Listed records:

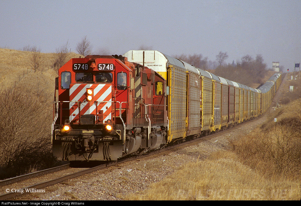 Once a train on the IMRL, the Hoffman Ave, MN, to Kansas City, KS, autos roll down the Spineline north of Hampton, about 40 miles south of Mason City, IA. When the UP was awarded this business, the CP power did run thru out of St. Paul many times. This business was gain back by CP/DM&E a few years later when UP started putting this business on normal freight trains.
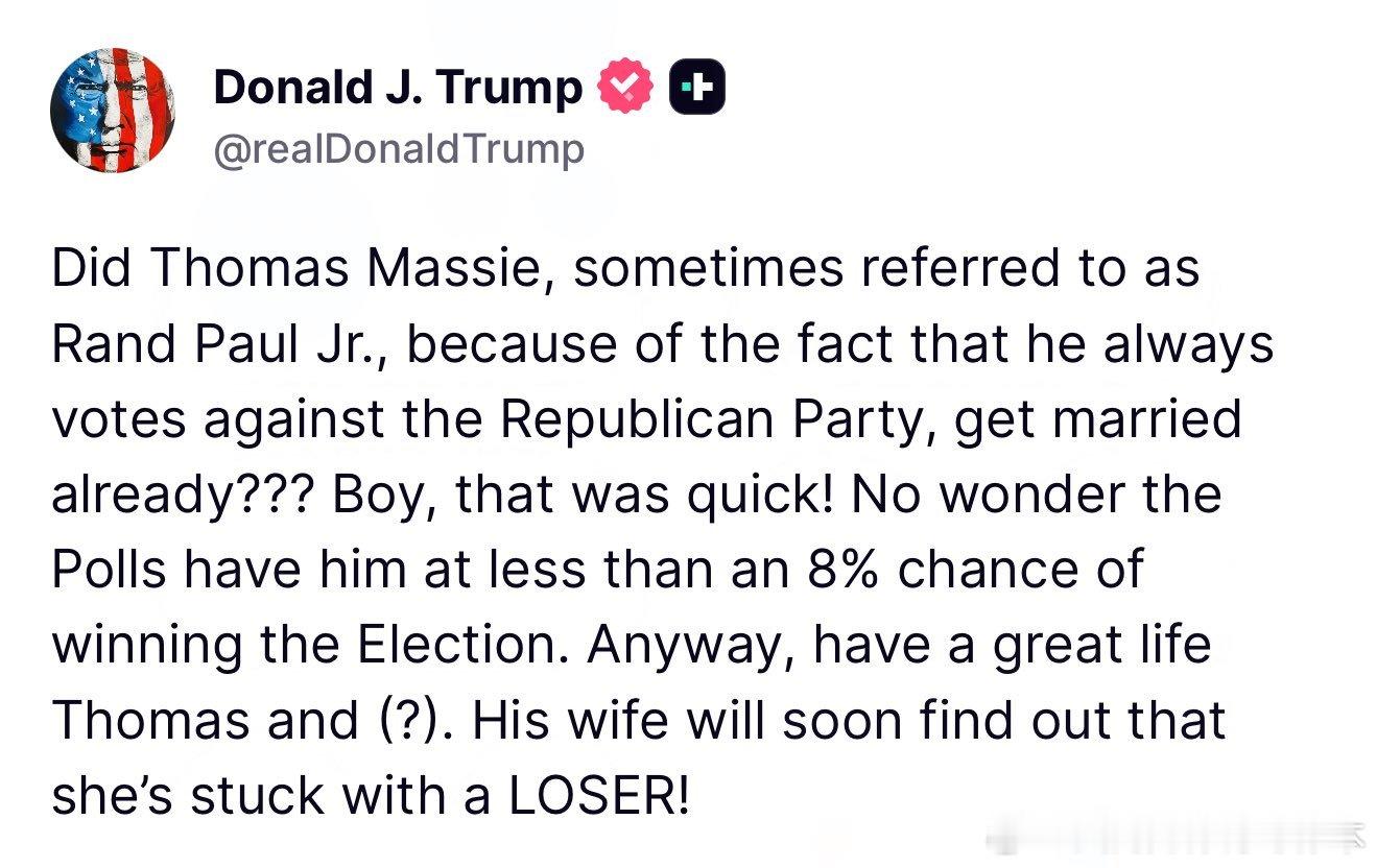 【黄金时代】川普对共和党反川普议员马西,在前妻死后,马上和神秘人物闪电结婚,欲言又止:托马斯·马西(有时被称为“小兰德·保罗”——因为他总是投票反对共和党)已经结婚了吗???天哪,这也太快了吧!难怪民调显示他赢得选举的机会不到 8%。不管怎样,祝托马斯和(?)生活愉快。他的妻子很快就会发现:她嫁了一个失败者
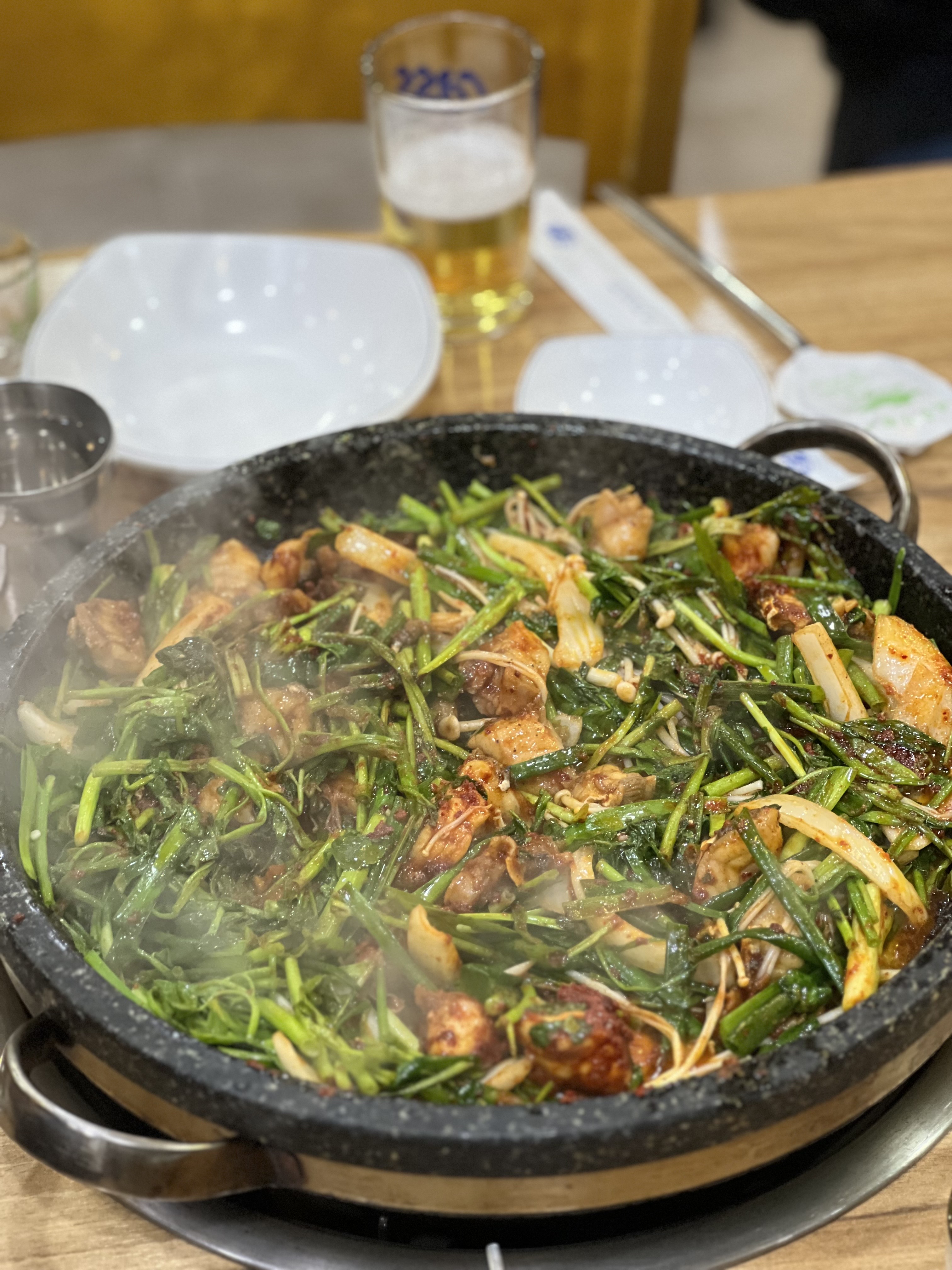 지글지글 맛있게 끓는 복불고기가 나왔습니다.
---
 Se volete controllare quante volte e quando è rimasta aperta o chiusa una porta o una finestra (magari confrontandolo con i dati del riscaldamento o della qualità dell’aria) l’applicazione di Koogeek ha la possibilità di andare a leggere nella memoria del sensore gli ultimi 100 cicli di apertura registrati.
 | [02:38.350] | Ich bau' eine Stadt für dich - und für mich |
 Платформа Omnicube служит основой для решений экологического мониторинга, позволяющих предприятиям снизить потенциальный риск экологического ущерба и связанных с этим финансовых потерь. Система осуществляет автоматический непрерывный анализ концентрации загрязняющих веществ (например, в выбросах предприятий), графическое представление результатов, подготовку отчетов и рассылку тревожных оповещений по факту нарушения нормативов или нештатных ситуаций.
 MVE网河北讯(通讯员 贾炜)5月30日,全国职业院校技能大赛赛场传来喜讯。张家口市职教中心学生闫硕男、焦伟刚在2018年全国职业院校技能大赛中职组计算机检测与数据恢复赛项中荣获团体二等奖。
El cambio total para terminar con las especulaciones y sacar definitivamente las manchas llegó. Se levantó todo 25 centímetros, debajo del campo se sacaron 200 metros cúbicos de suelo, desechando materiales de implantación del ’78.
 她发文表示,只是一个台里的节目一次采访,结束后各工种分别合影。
...
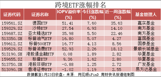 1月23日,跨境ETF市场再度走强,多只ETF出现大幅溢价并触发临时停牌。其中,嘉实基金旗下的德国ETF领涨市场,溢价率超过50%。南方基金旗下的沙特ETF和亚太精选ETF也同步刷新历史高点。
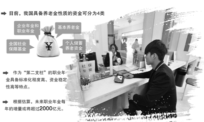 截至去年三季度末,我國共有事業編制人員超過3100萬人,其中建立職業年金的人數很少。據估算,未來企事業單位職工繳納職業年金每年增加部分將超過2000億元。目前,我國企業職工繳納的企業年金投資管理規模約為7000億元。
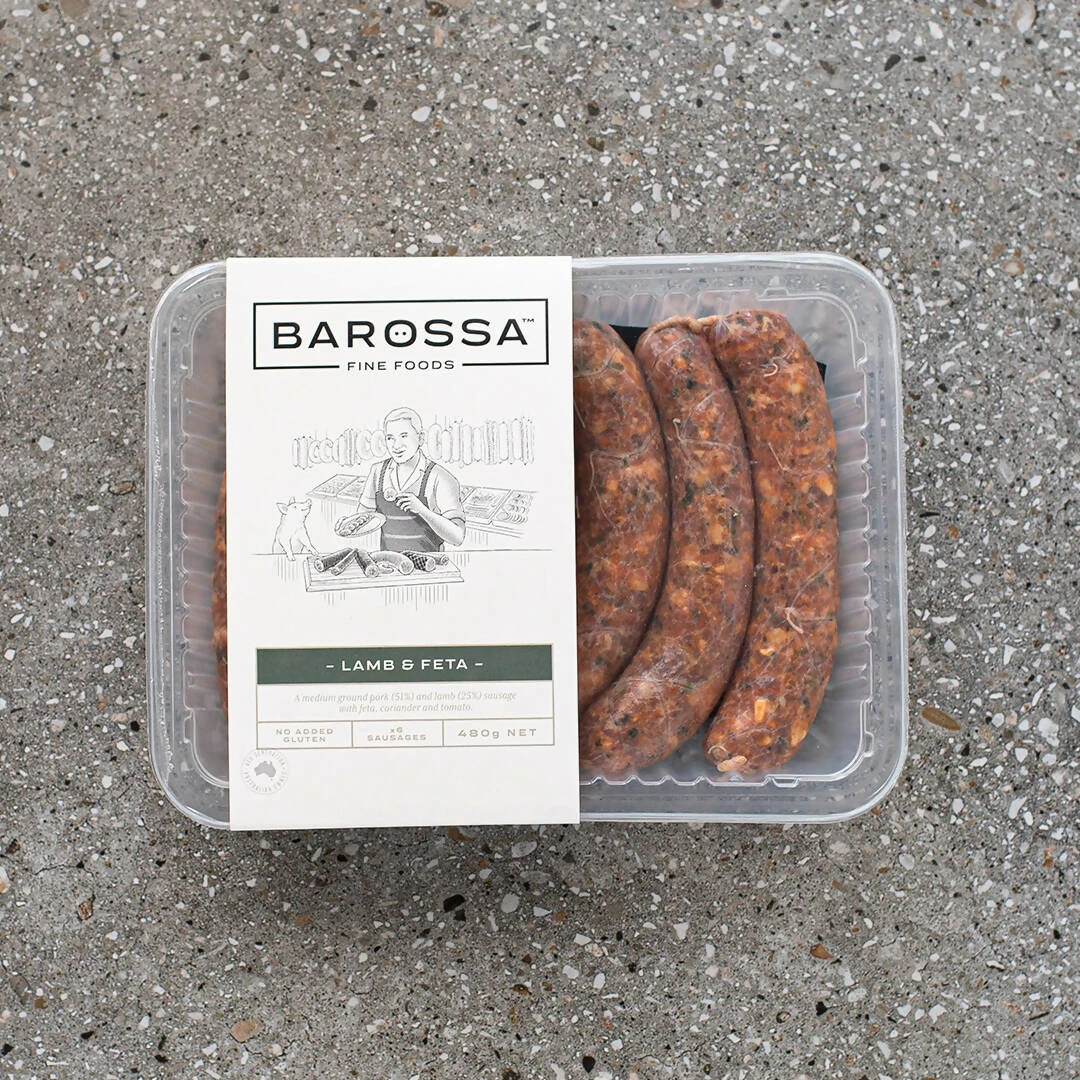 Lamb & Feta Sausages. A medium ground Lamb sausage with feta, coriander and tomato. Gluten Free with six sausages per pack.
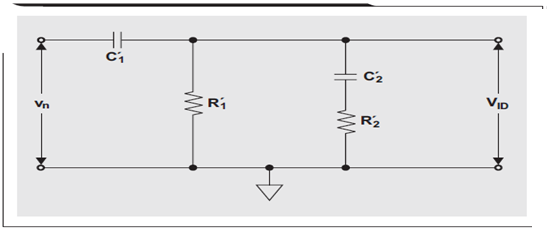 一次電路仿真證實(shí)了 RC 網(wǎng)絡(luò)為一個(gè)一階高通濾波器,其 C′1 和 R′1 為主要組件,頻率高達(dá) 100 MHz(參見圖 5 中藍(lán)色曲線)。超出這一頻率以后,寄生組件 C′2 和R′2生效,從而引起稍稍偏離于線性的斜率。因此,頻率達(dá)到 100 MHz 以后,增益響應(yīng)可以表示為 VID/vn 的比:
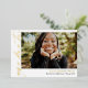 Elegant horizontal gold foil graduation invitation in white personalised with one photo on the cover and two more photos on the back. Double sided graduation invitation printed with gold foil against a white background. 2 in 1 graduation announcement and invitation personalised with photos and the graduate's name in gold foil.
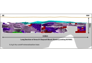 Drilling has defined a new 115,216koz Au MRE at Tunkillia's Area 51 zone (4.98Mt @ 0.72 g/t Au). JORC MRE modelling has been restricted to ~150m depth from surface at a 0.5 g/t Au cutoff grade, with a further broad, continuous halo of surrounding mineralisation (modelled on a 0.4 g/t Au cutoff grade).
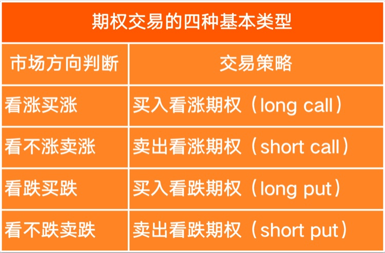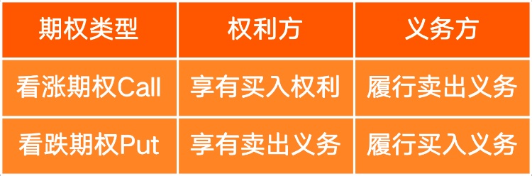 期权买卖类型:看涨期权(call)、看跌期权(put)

Description of the task:
Set down precisely the lines above between the line holding "Se volete controllare" and the line holding "MVE网河北讯(通讯员 贾炜", inclusive, and nothing beyond them.

Result of this exercise:
 Se volete controllare quante volte e quando è rimasta aperta o chiusa una porta o una finestra (magari confrontandolo con i dati del riscaldamento o della qualità dell’aria) l’applicazione di Koogeek ha la possibilità di andare a leggere nella memoria del sensore gli ultimi 100 cicli di apertura registrati.
 | [02:38.350] | Ich bau' eine Stadt für dich - und für mich |
 Платформа Omnicube служит основой для решений экологического мониторинга, позволяющих предприятиям снизить потенциальный риск экологического ущерба и связанных с этим финансовых потерь. Система осуществляет автоматический непрерывный анализ концентрации загрязняющих веществ (например, в выбросах предприятий), графическое представление результатов, подготовку отчетов и рассылку тревожных оповещений по факту нарушения нормативов или нештатных ситуаций.
 MVE网河北讯(通讯员 贾炜)5月30日,全国职业院校技能大赛赛场传来喜讯。张家口市职教中心学生闫硕男、焦伟刚在2018年全国职业院校技能大赛中职组计算机检测与数据恢复赛项中荣获团体二等奖。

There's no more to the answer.